Алексей поцеловал мать в щеку и поспешил к выходу. Уже в дверях она окликнула его.
— Алеша…
— Да, мам?
— Ничего. Иди.
Он вышел под моросящий дождь с чувством неясной тревоги. Что-то в глазах матери его встревожило, но он отогнал это чувство. Дома ждали жена и дети, впереди были выходные без материнских звонков. Это было главное.
Прошло несколько месяцев. Екатерина Ивановна действительно перестала звонить с просьбами о помощи. Вместо этого она иногда приглашала их всей семьей на воскресный обед, но Алексей находил уважительные причины для отказа. Работа, дети, ремонт — причин всегда было достаточно.
— Может, в это воскресенье к твоей матери сходим? — неожиданно предложила Мария однажды вечером. — Что-то она совсем пропала.
Алексей удивленно посмотрел на жену.
— С чего вдруг такая забота?
— Не язви. — Мария закрыла журнал с проверочными работами. — Просто она не звонит совсем. Раньше хоть через день названивала, а теперь тишина.
— Сама же жаловалась.
— Я знаю. — Мария вздохнула. — Просто это странно.
— Может, с Ниной договорилась, как хотела.

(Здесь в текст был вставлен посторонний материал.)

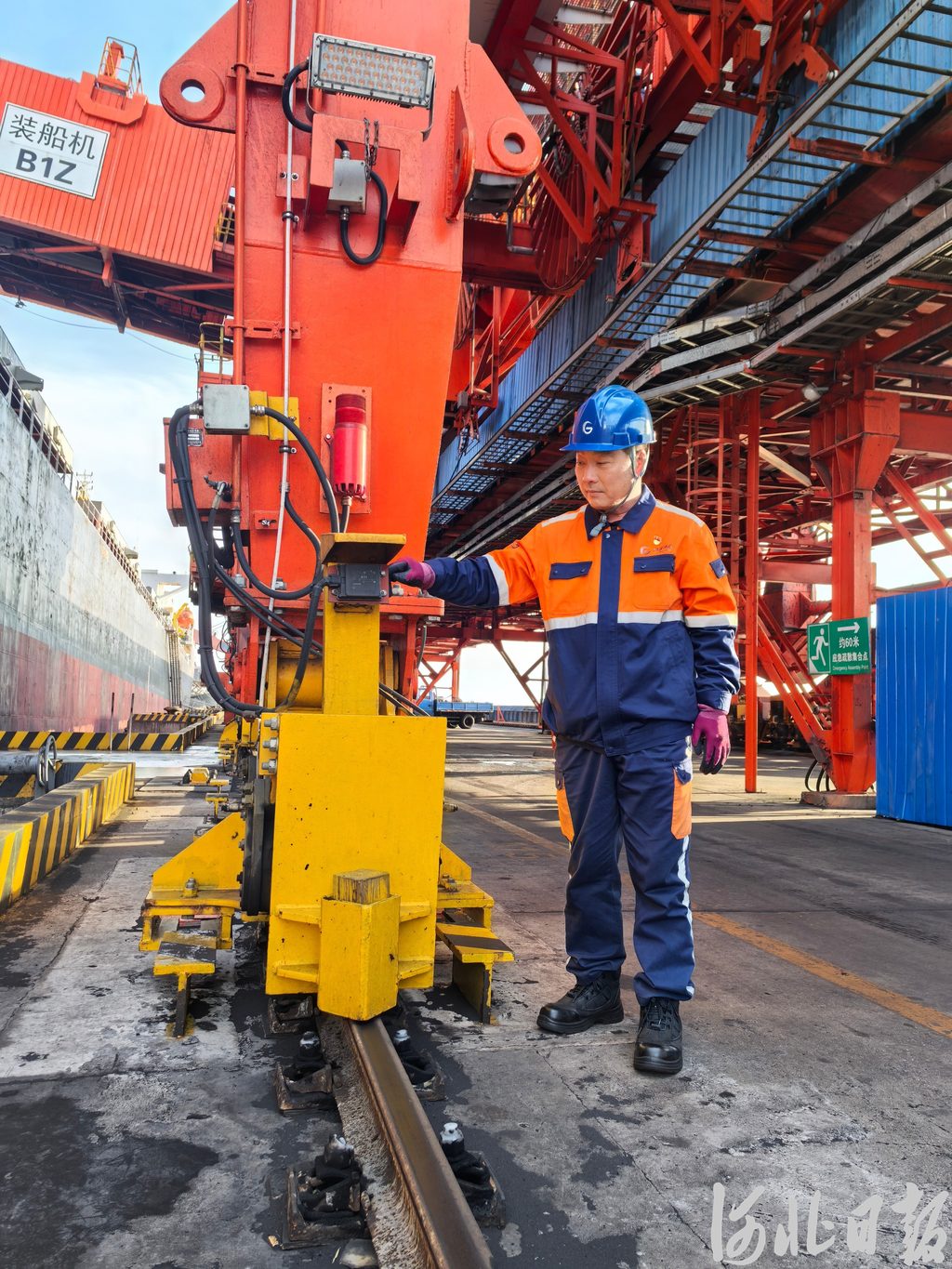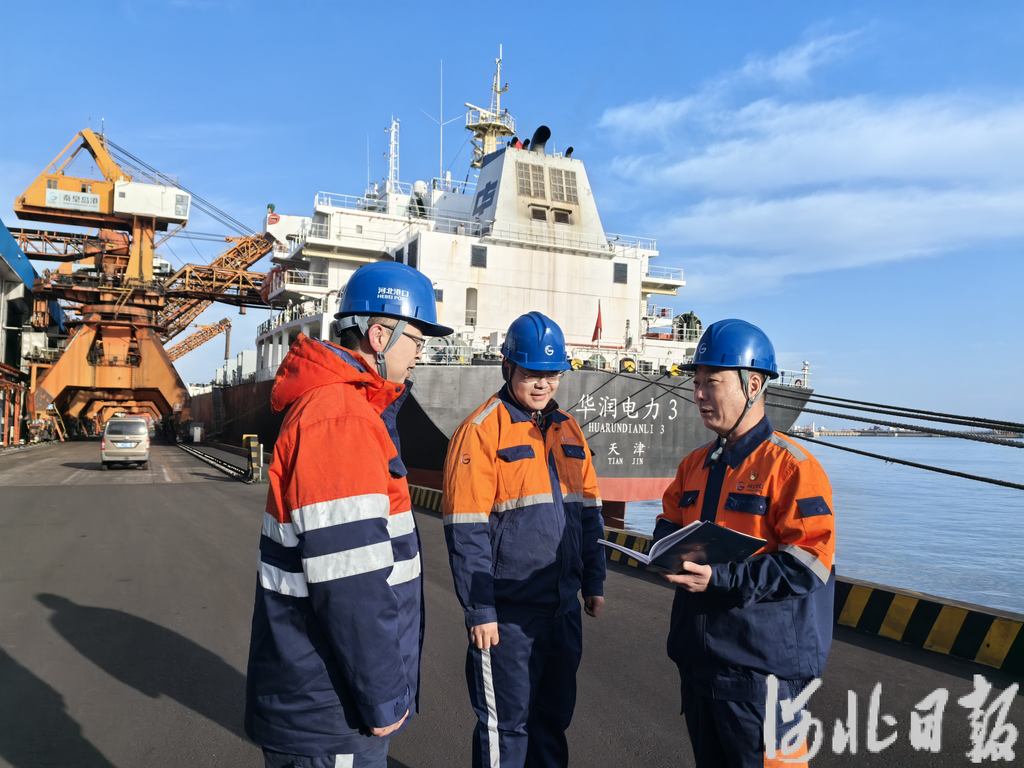 1月19日,在河北港口集团秦皇岛港股份有限公司200泊位,浦东3号船静静停靠,堆场上的煤炭通过取料机、皮带机、装船机被传送至船舱。码头上,省人大代表、河北港口集团秦皇岛港股份有限公司第二港务分公司装船一部副部长李伏玉在检查环保抑尘设备工作情况。

— Может быть. — Мария поднялась. — Все равно позвони ей. Узнай, как она.
Алексей набрал номер матери, но телефон молчал. Он попробовал еще несколько раз в течение вечера — безрезультатно.
— Может, гуляет где-то, — предположил он.
— В десять вечера? — Мария скептически подняла бровь. — Ей 65 лет.
— Завтра перезвоню.
Но и на следующий день телефон Екатерины Ивановны не отвечал. Алексей, отвлеченный проблемами на работе, забыл об этом до вечера, когда Мария напомнила.
— Надо съездить, проверить, — сказала она твердо. — Мало ли что.
Они поехали вместе, оставив детей с соседкой. Дверь в квартиру Екатерины Ивановны им открыла незнакомая женщина средних лет в затертом халате.
— Вы к кому? — спросила она, окидывая их подозрительным взглядом.
— К Екатерине Ивановне. Это моя мать, — ответил ошеломленный Алексей.
Женщина нахмурилась.
— Вы что, не знаете? Екатерина Ивановна умерла две недели назад. Я квартиру ее снимаю.
Мария тихо ахнула, схватившись за косяк. Алексей почувствовал, как земля уходит из-под ног.
— Как умерла? — только и смог выдавить он.
— Рак у нее был, — объяснила женщина, немного смягчившись. — Последняя стадия. Она знала, что недолго осталось. Квартиру соседке завещала. Нине Петровне с третьего этажа. А та сдала мне.
Алексей стоял, не в силах поверить в услышанное. Рак? Мать умирала от рака, а он даже не знал. Все эти месяцы она молчала, не жаловалась, не просила о помощи. Только хотела видеть сына, проводить с ним время.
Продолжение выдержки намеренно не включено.